The variant c.184C>T carried by proband 1 has previously been associated with late-onset IEL (38,40). In a Chinese family, the age of diagnosis ranged between 41 and 65 years (41). In contrast with these previous findings, in the present study, the patient with this variant developed EL symptoms at age 3, however in this study it was found that it could develop at 2 years old. The c.367T>C variant is associated with classical MSF, was identified in a Frenchman in 2005 (28). The phenotype of the patients in this study only involved the ocular system. The c.1879C>T variant was reported in 1994 and causes manifestations in the ocular and skeletal systems, with mild aortic involvement (29), but the present study did not find any system disorder in probands. The c.4096G>A variant was identified in 2004 in two patients, one with cardiovascular manifestations but no ocular signs, and the other with MFS (36) and no cardiovascular system signs were found in any of the probands in the present study.

Mutations in the FBN1 gene are commonly associated with MFS. However, in the present study, the eight probands with FBN1 variants, did not have any systemic disorders except for IEL. The examination of aortic diameter indicated that these patients did not meet the standards for abnormal aortic roots, nor did they meet the revised Ghent criteria for MFS (22). Nevertheless, it remains possible that the patients could develop aortic root dilation or other manifestations of MFS in the future. The present findings also suggested that ocular disorders might occur in isolation or may be the first sign of the syndrome. Currently, it remains difficult to diagnose MFS in young patients with EL; as a result, these pediatric patients still require long-term annual cardiovascular imaging.

In the present study, the FBN1 variant identified in the eight probands were located in the first 33 exons, and some involved arginine-to-cysteine substitutions. Faivre et al (19) also noted that EL was more likely when missense changes occurred in the exon 1–21. Compared with patients with MFS, the average genomic positions of the variants carried by the eight probands with IEL were located more upstream of the FBN1 gene. Moreover, IEL was diagnosed at a younger age, compared with MFS. This result is consistent with those of previous studies describing EL as the first symptom of MFS, occurring before the age of 10 (42). Most probands with FBN1 gene variant suffered from poor visual acuity, significant EL, and high myopia. Most also underwent surgical treatment, except for proband 11 who was older than 20 years, and proband 4, who was not eligible for surgery due to parents' disagreement. Therefore, it may be hypothesized that these variants lead to earlier ocular symptoms.

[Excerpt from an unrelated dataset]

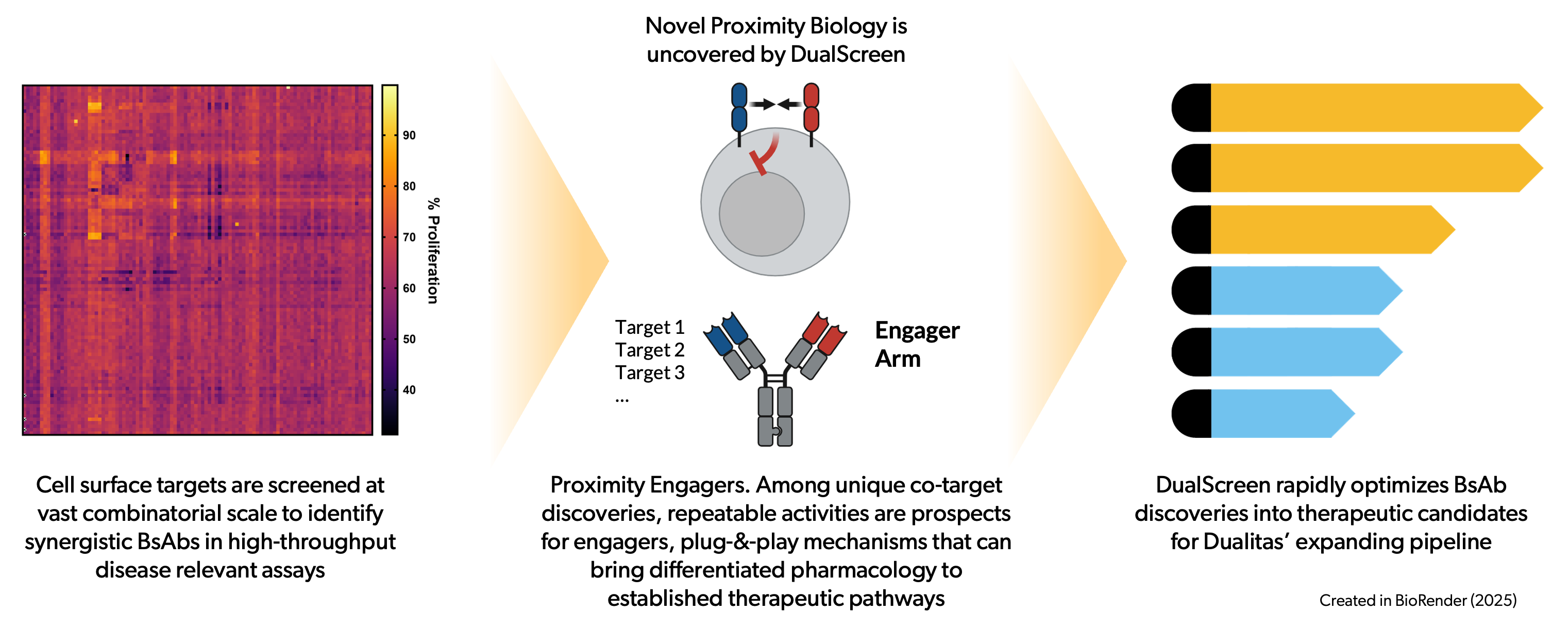 Existing BsAb discovery approaches narrowly focus on pre-determined target pairs of known biology. In contrast, DualScreen functionally screens cell surfaceomes – the entire cell surface – across a vast range of targets and epitopes to identify BsAb combinations that are truly synergistic rather than simply additive. Up to 100,000+ unique bispecific combinations can be arrayed and screened in high throughput functional assays to identify BsAbs and co-targets with synergistic activities unachievable by conventional therapeutics. DualScreen discovers powerful cell surface proximity mechanisms and rapidly delivers BsAbs with differentiated pharmacology.

The limitations of the current study were that the patients were young; patients may not have developed other clinical manifestations at the time of the present study. In addition to MFS and EL, the FBN1 gene has also been implicated in conditions such as WMS, isolated ascending aorta, mitral valve prolapse, aortic root dilatation without dissection (43), and familial arachnodactyly (44). Associations between genotype and phenotype have not been determined. In addition to the FBN1 gene, IEL can also be inherited in an autosomal recessive fashion because of ADAMTS4, identified in 2009; variants in this gene can cause earlier ocular phenotypes than those associated with FBN1 in Caucasian populations (16,45). Altogether, the evidence suggests a need for the identification of other target genes and examination of larger patient cohorts in future studies. Further study is required to examine associations between genotype and phenotype in the FBN1 gene. Early genetic screening contributes to early disease prediction and management for patients and their families.

In summary, three novel variants and four reported variants were identified in the FBN1 gene from eight Chinese probands with IEL. These findings further enrich the FBN1 variant spectrum and may provide insight into the clinical diagnosis and management of IEL.